SOURCE MATERIAL:
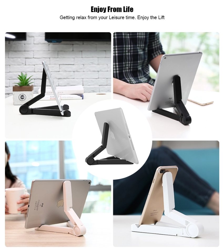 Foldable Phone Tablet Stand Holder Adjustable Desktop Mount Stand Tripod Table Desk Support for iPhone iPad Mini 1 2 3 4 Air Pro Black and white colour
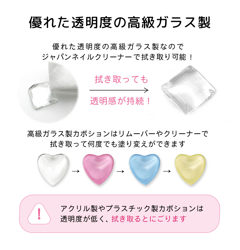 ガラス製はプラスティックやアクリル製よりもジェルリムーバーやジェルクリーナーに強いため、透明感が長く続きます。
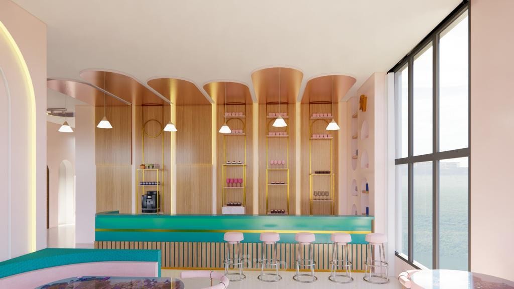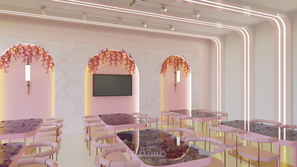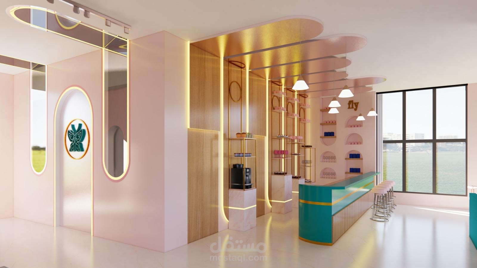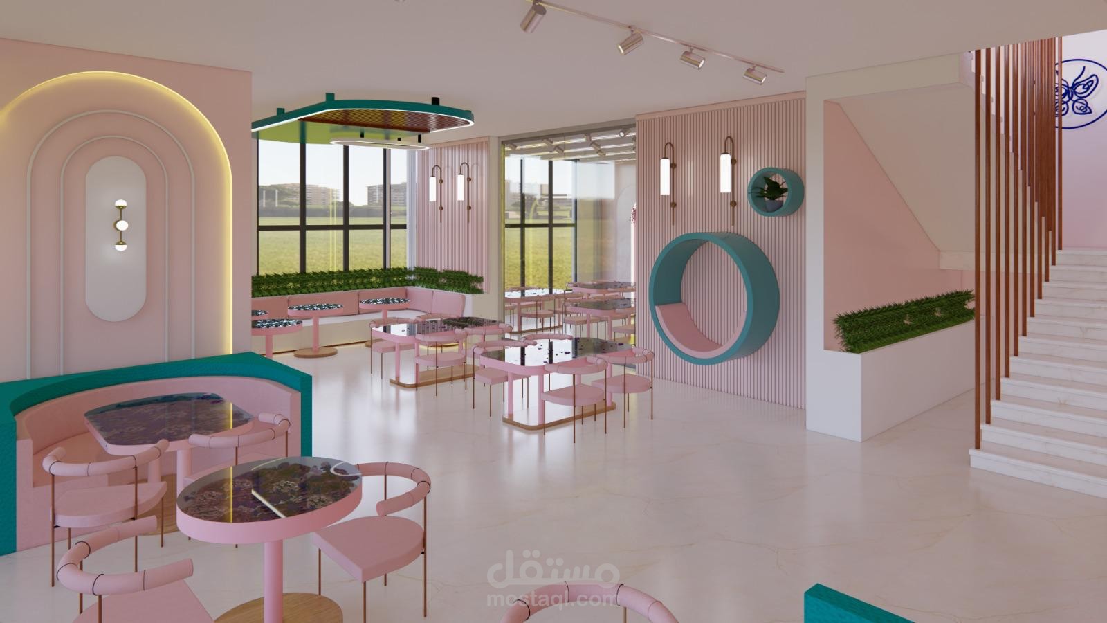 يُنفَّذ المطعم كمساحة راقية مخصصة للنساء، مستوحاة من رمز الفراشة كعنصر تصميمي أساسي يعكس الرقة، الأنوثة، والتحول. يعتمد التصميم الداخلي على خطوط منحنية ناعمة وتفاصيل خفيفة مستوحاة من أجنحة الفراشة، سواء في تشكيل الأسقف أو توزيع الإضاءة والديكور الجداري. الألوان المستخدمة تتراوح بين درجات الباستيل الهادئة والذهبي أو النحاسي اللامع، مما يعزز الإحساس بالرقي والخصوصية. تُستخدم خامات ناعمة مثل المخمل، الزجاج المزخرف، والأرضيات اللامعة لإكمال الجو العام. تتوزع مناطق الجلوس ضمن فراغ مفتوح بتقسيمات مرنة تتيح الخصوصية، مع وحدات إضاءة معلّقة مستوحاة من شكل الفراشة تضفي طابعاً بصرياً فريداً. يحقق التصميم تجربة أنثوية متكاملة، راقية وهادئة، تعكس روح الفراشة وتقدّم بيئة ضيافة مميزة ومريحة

PROBLEM DETAILS:
Reproduce exactly the lines from the beginning of the material down to the line containing "ガラス製はプラスティックやア", both ends included, but not the pictures or anything after.

RESPONSE AREA:
 Foldable Phone Tablet Stand Holder Adjustable Desktop Mount Stand Tripod Table Desk Support for iPhone iPad Mini 1 2 3 4 Air Pro Black and white colour
 ガラス製はプラスティックやアクリル製よりもジェルリムーバーやジェルクリーナーに強いため、透明感が長く続きます。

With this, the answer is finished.